DATA LISTING:
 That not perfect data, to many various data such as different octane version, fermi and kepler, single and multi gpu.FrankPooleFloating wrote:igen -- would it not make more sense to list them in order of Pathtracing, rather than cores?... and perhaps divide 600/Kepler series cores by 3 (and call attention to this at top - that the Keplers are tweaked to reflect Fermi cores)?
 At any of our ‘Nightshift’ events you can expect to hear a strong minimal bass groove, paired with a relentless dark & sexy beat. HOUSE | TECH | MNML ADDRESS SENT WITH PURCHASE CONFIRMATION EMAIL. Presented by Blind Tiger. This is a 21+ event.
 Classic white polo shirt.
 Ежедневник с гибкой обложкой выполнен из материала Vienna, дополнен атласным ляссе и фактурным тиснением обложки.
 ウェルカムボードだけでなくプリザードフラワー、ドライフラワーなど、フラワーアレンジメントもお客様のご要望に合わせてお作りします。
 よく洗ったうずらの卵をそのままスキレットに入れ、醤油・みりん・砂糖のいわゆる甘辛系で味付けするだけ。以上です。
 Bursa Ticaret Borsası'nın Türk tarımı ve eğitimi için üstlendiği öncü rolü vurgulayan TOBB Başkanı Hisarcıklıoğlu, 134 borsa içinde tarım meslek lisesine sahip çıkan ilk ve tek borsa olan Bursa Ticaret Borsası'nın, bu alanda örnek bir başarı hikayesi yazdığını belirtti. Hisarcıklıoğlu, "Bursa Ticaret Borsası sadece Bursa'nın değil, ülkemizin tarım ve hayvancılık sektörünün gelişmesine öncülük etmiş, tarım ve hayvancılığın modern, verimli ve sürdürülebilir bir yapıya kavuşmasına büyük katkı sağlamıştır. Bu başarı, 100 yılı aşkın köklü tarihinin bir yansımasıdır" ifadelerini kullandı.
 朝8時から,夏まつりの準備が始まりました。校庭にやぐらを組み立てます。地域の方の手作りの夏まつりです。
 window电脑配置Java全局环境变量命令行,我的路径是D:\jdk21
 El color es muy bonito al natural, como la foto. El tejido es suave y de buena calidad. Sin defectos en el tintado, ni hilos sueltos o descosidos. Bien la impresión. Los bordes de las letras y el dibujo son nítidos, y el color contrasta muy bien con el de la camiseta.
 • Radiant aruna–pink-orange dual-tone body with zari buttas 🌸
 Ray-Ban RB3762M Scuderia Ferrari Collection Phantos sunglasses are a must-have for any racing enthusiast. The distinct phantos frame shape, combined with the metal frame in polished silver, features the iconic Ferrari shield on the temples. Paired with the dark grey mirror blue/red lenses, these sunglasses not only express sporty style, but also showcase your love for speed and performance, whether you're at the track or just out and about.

PROBLEM TO WORK ON: Which lines run from the one containing "ウェルカムボードだけでなくプ" through the end of the material? Output exactly those lines and no others.

RESULT OF THE EXERCISE:
 ウェルカムボードだけでなくプリザードフラワー、ドライフラワーなど、フラワーアレンジメントもお客様のご要望に合わせてお作りします。
 よく洗ったうずらの卵をそのままスキレットに入れ、醤油・みりん・砂糖のいわゆる甘辛系で味付けするだけ。以上です。
 Bursa Ticaret Borsası'nın Türk tarımı ve eğitimi için üstlendiği öncü rolü vurgulayan TOBB Başkanı Hisarcıklıoğlu, 134 borsa içinde tarım meslek lisesine sahip çıkan ilk ve tek borsa olan Bursa Ticaret Borsası'nın, bu alanda örnek bir başarı hikayesi yazdığını belirtti. Hisarcıklıoğlu, "Bursa Ticaret Borsası sadece Bursa'nın değil, ülkemizin tarım ve hayvancılık sektörünün gelişmesine öncülük etmiş, tarım ve hayvancılığın modern, verimli ve sürdürülebilir bir yapıya kavuşmasına büyük katkı sağlamıştır. Bu başarı, 100 yılı aşkın köklü tarihinin bir yansımasıdır" ifadelerini kullandı.
 朝8時から,夏まつりの準備が始まりました。校庭にやぐらを組み立てます。地域の方の手作りの夏まつりです。
 window电脑配置Java全局环境变量命令行,我的路径是D:\jdk21
 El color es muy bonito al natural, como la foto. El tejido es suave y de buena calidad. Sin defectos en el tintado, ni hilos sueltos o descosidos. Bien la impresión. Los bordes de las letras y el dibujo son nítidos, y el color contrasta muy bien con el de la camiseta.
 • Radiant aruna–pink-orange dual-tone body with zari buttas 🌸
 Ray-Ban RB3762M Scuderia Ferrari Collection Phantos sunglasses are a must-have for any racing enthusiast. The distinct phantos frame shape, combined with the metal frame in polished silver, features the iconic Ferrari shield on the temples. Paired with the dark grey mirror blue/red lenses, these sunglasses not only express sporty style, but also showcase your love for speed and performance, whether you're at the track or just out and about.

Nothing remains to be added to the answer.